CS: And you ended up recording a lot of the HIDE AND CREEP music right there in front of the TV in your living room with the little portable four-track...

EM: Well, at first I did, when I didn't think we'd be using those tracks in the finished movie. But when I realized that we'd need better sound quality, I'd go on and time it out, remember how many times to do this thing, how many times to do that thing... and then just go in the bedroom and record it, for a quieter environment.

CS: This is the first feature that you've written the majority of the score for (Jim Roberson also contributed a few pieces). Any major lessons learned?

EM: I figured out that there were around 40 different places in HIDE AND CREEP that needed some music. Some of those were as short as seven seconds, some were as long as three minutes. I came in with the attitude of writing several different pieces, but I learned that I can have one central theme in mind and I can base different action cues on that theme. Or two or three, so it doesn't get too repetitious.

The way Jim Roberson wrote the music for ALICE'S MISADVENTURES IN WONDERLAND, he wrote the intro (main title) music first, then he based a lot of music that happened later in the movie on bits and pieces of the intro. That made a lot of sense to me, because writing the intro is hard enough, but then you can take little slices of that and improvise off of those depending what the scene calls for.

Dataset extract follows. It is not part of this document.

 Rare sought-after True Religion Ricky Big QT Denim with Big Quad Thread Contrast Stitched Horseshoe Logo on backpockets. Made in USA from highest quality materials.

CS: In a lot of movies, the main theme that is played over the opening credits is recycled throughout the movie, but you and Jim went kind of backwards on HIDE AND CREEP, because, originally, I had some music over the credits I'd stolen from PLAN 9 FROM OUTER SPACE. And you guys took the musical themes from later in HIDE AND CREEP and compressed them into like this two minute showcase that plays over the opening credits.

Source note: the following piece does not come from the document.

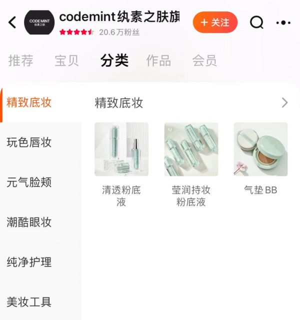 根据CODEMINT旗舰店显示,品牌的品类大致包括底妆、唇妆、高光腮红、眼妆、面膜卸妆和美妆工具等,也就是说分为彩妆、护肤和美妆工具三类,它的“纯净”主要是基于成分和配方。

EM: I don't know if that's cheating or not, going backwards like that. I took the idea you had for the opening from PLAN 9, the cheesy '50s thing. For the most part, you had a tempo there. I tried to match that beat and, of course, being PLAN 9, it was just way over the top for everything it was doing.

CS: Melodramatic.

EM: I tried to match that over-the-top-ness, I just substituted each PLAN 9 bit with a piece I'd already written for some part of HIDE AND CREEP. I tried to get as many of those different themes as I could and put them in that opening piece.

CS: So, what are you listening to these days, when you're not working on your own music? What's in your proverbial CD player?

EM: Well, the CD player in my car sucks.

Honestly, I don't really do a good job in listening to music lately. The only time I ever listen to music is whenever somebody actually has me in their car and they say, "Hey, listen to this."

I'm usually trying to work on something of my own, anyway. When I've got some music I'm writing that's playing in my head, I'm just playing it over and over again, trying to figure it out, and other (outside) music distracts me.

CS: So, after scoring this movie, are you looking forward to doing another feature?

EM: Yeah. And I'd like to be able to collaborate with someone.

CS: Like you did some with Jim on HIDE AND CREEP.

EM: I can come up with ideas on my own, but sometimes it's more fun with someone else. They can take your musical ideas in a direction you weren't expecting.

One thing I don't know if I'm good at or not, because I've never tried it... so many movies have that lush string sound, of several...

CS: A traditional orchestra score...

EM: Right, where you've got a few instruments carrying it and sometimes it swells and you've got big oceans of stuff and sometimes it just breaks down to one or two notes. I was lucky with HIDE AND CREEP that you wanted more of a folksy, backwoods kind of thing, because that's what I do. But I'm interested at seeing how well I do at something different.


I'd like to thank Eric for taking the time to talk with me about his musical history and HIDE AND CREEP contributions. And thanks to you guys for reading. I'll be back in two weeks, maybe with another movie music interview. Or maybe something else. Regardless, hope to see you then.